Tanah Kosong Bisa Disita Negara? Ini Syarat dan Prosedur Sesuai Aturan BPN 2025
Fenomena tanah kosong yang tidak dimanfaatkan kerap menimbulkan pertanyaan, khususnya apakah tanah kosong bisa disita oleh negara. Pemerintah melalui Kementerian Agraria dan Tata Ruang/Badan Pertanahan Nasional (ATR/BPN) memberikan penjelasan resmi mengenai hal ini.
Tidak semua tanah kosong otomatis disita negara. Ada syarat dan prosedur yang jelas dan ketat yang harus dipenuhi sebelum tanah bisa ditertibkan atau dicabut haknya. Oleh karena itu, penting bagi setiap pemilik tanah untuk memahami aturan BPN 2025 agar terhindar dari risiko kehilangan hak atas tanahnya.
Apa Itu Tanah Kosong yang Bisa Disita Negara?
Tanah kosong yang dimaksud adalah tanah yang dibiarkan tanpa penggunaan, tanpa pemeliharaan, dan tidak menjalankan fungsi sesuai kepemilikannya dalam periode tertentu. Namun, aturan pemerintah membedakan jenis tanah dan status hak atas tanah sebelum memutuskan penyitaan.
Jenis Hak Tanah yang Berisiko Disita
- Hak Guna Usaha (HGU) dan Hak Guna Bangunan (HGB) milik badan hukum dapat dicabut jika tidak diusahakan sesuai rencana dalam kurun waktu 2 tahun sejak hak diterbitkan.

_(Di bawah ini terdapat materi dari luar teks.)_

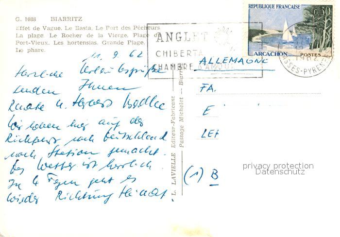 13036371 carte postale Biarritz Pyrenees Atlantiques Basta Port des Pecheurs Strand postalisch gelaufen Erhaltung siehe scans [KathaD81] KatCode: 11170064164122

- Sertifikat Hak Milik (SHM) milik perorangan tidak langsung disita kecuali kondisi khusus terpenuhi, seperti:
- Tanah dikuasai pihak lain tanpa dasar hukum selama 20 tahun berturut-turut.
- Tanah berubah menjadi kawasan permukiman tanpa izin.
- Tanah dibiarkan kosong tanpa dimanfaatkan sehingga tidak menjalankan fungsi sosial.
Selain itu, tanah yang sudah ada bangunan atau pagar sebagai tanda pengelolaan meskipun tidak digunakan aktif biasanya tidak dikategorikan sebagai tanah telantar.
Syarat Tanah Kosong Bisa Disita Negara Berdasarkan Aturan BPN 2025
Lama Ketidakgunaan
Tanah dikategorikan sebagai “telantar” apabila dibiarkan tidak dimanfaatkan atau dipelihara selama minimal 2 tahun berturut-turut sejak hak diberikan (untuk HGU dan HGB).
Evaluasi Pemanfaatan
Pemerintah melakukan evaluasi apakah tanah benar-benar tidak diusahakan atau tidak sesuai kewajiban penggunaan seperti yang telah disetujui. Contohnya, tanah HGU harus dikelola pertanian atau perkebunan sesuai proposal awal, sedangkan tanah HGB harus dibangun sesuai izin.
Peringatan Sebelum Penyitaan
Badan Pertanahan Nasional memberikan peringatan tertulis maksimal tiga kali kepada pemilik tanah agar dapat memperbaiki atau memanfaatkan lahannya. Jika tidak ada respons atau pemanfaatan, maka proses pencabutan hak dapat dilakukan.
Hak Pengajuan Gugatan
Pemilik tanah yang terdampak berhak mengajukan gugatan ke Pengadilan Tata Usaha Negara (PTUN) untuk membela haknya jika merasa pencabutan dilakukan tidak adil atau cacat prosedur.
Prosedur Penyitaan Tanah Kosong Sesuai Aturan BPN 2025
- BPN melakukan evaluasi status tanah untuk menentukan apakah tanah masuk kriteria telantar.
- Jika tanah memenuhi syarat, BPN memberi peringatan secara tertulis sebanyak tiga kali dalam jangka waktu tertentu.
- Jika pemilik tidak melakukan pemanfaatan atau pembelaan atas tanahnya, BPN dapat mencabut hak atas tanah tersebut.
- Pemilik tanah yang keberatan dapat mengajukan gugatan ke Pengadilan Tata Usaha Negara (PTUN).
- Tanah yang sudah disita akan menjadi bagian dari Tanah Cadangan untuk Negara (TCUN) dan digunakan untuk kepentingan umum.